Disney wants shareholders to trust in its vision under Iger, who vowed to turn the ship around after a disappointing 2023 characterised by tentpole misfires and conceding the box office crown to Universal.
Iger has emphasised a new focus on fewer, higher quality films and in February he essentially used the company’s Q1 earnings to make his case to voters.
He touted solid financials, reiterated that Disney’s direct-to-consumer business would achieve profitability in the fourth quarter of this year, and spoke about an ambitious games and entertainment universe. Autumn brings the launch of an untitled sports bundle incorporating Disney/ESPN, Fox Sports, and Warner Bros Discovery.
In the Q1 call with analysts, Iger briefly referred to the proxy fight as a distraction and asserted the succession issue would be handled at the appropriate time.
What Peltz wants
Peltz, whose aspiring actress daughter Nicola is married to football legend David Beckham’s son Brooklyn, has history with Disney. He rattled the cage in early 2023 and went away when Iger implemented cost cuts and laid off around 8,000 staffers. Now Peltz, who won a proxy fight with Procter & Gamble in 2017 and secured a seat on that board, is back.

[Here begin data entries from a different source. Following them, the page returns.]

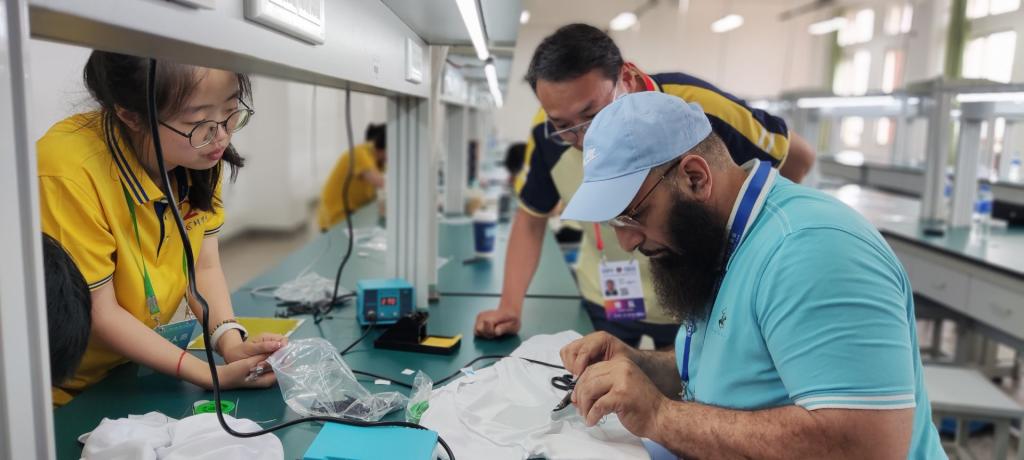 电工电子实验教学团队指导青少年们分组协作,从创意构思到设计实现全程参与,共同打造出发光T恤衫、电子指尖陀螺、光电小风车等充满创意的作品。这些作品不仅展现了青少年们的无限创意与精湛技艺,更成为了他们友谊与合作的珍贵见证。参与活动的青少年纷纷表示,这次经历让他们受益匪浅,不仅学到了很多实用的科技知识,还拓宽了国际视野。
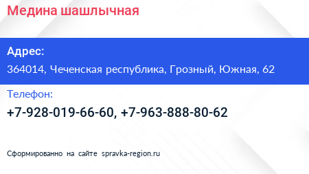 Медина, шашлычная по адресу 364014, Чеченская республика, Грозный, Южная, 62 в дальнейшем Организация, размещена в следующих категориях:
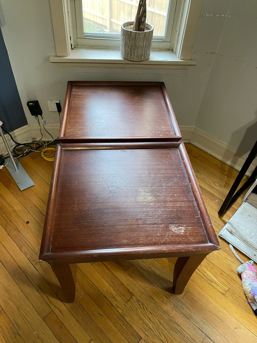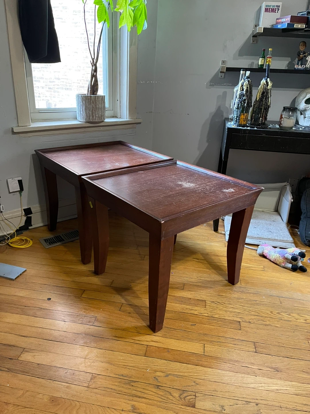 84Wooden Side tables (2 available) $40 for both / or $25 each Each table measures: 26" Wide X 24" Long X 22" Tall Very light scuffing/standard wear on tabletops as seen in the pics. Downsizing for a big out of state move and these wood side tables are looking for a new living space to call home.
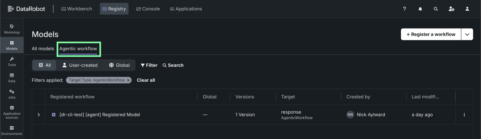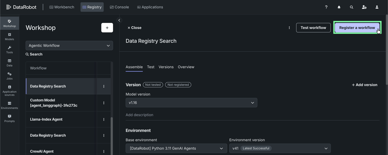 After experimenting in the agentic playground to build a production-ready agentic workflow, register the custom agentic workflow in the Registry workshop, in preparation for deployment to Console.

He is bidding to win two seats on the board for himself and Rasulo, at the expense of Disney nominees Maria Elena Lagomasino and Michael Froman. To add spice to the recipe, Peltz has the support of Ike Perlmutter, the former head of Marvel Entertainment, who has an axe to grind after Disney let him go last year.
In a 133-page white paper on the website ‘Restore The Magic’, Trian said Disney needs to refresh a stale board and return shareholder value. It highlighted deteriorating financials from 2018, the year before Disney’s ”flawed” $71.3bn acquisition of the 21st Century Fox entertainment assets.
Among other things the manifesto argued for a streaming strategy which will return a “Netflix-like” 15-20% margin by 2027; cutting costs at the legacy business; rethinking strategy on linear assets; and coming up with a digital strategy for sports hub ESPN.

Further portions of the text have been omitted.